§ **RECORDS SHOWN**:

.....

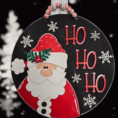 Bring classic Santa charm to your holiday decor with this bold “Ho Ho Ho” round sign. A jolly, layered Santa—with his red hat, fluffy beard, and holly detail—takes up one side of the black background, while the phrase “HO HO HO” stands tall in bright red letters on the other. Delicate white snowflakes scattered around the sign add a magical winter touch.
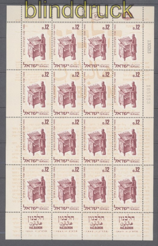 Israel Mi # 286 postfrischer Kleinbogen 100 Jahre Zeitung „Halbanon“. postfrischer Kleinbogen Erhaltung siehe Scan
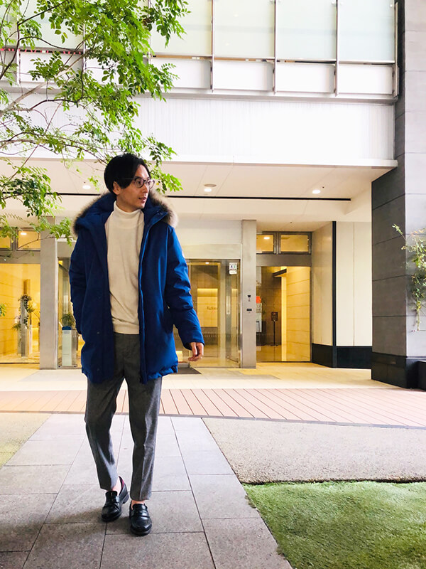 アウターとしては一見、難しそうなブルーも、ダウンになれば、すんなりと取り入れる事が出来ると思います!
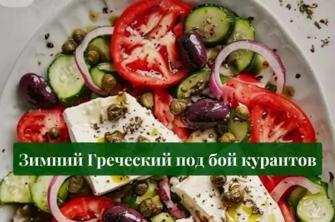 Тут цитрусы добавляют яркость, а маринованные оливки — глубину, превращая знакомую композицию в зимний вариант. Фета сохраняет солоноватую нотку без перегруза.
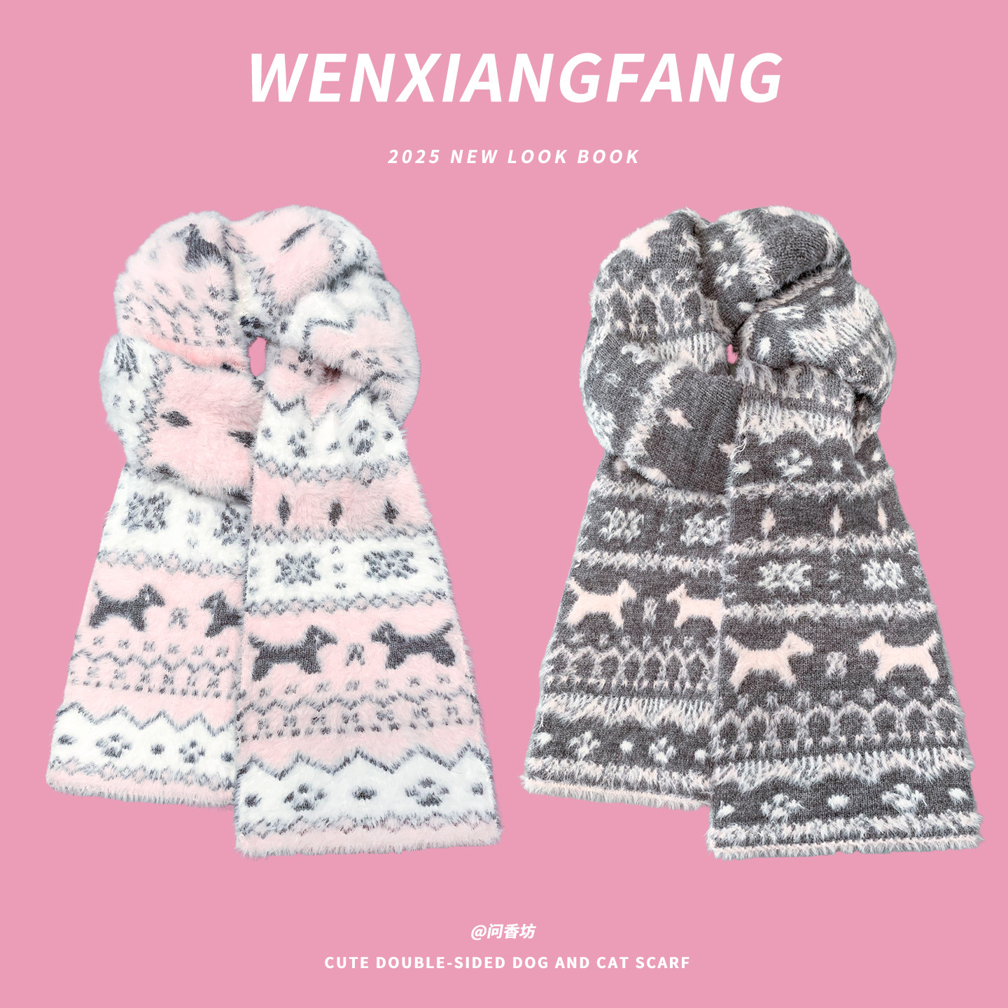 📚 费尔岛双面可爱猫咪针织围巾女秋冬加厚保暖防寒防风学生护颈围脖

.....

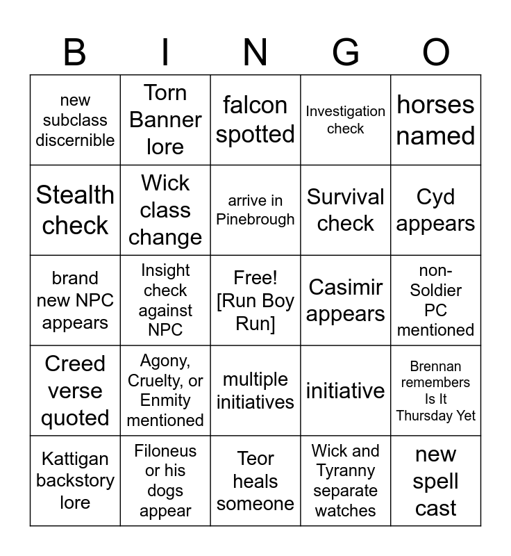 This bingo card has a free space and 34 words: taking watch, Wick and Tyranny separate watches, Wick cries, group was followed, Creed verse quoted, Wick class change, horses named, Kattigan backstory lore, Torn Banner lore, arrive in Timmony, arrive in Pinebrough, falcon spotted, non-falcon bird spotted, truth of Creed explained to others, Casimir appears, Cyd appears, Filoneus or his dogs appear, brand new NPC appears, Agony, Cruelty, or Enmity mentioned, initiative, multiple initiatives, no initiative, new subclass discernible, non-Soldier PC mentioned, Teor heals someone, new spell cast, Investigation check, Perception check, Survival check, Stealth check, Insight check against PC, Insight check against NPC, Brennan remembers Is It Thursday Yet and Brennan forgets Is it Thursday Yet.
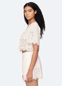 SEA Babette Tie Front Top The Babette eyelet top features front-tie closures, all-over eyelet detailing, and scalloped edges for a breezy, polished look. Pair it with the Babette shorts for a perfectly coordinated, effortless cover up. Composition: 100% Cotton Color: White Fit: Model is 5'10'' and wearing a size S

.....

§ **WORK ORDER**:
Starting from the line with "Bring classic Santa" in the records above, repeat each line exactly until you have written the line with "Israel Mi #", then stop; drop the pictures.

§ **EXERCISE SOLUTION**:
 Bring classic Santa charm to your holiday decor with this bold “Ho Ho Ho” round sign. A jolly, layered Santa—with his red hat, fluffy beard, and holly detail—takes up one side of the black background, while the phrase “HO HO HO” stands tall in bright red letters on the other. Delicate white snowflakes scattered around the sign add a magical winter touch.
 Israel Mi # 286 postfrischer Kleinbogen 100 Jahre Zeitung „Halbanon“. postfrischer Kleinbogen Erhaltung siehe Scan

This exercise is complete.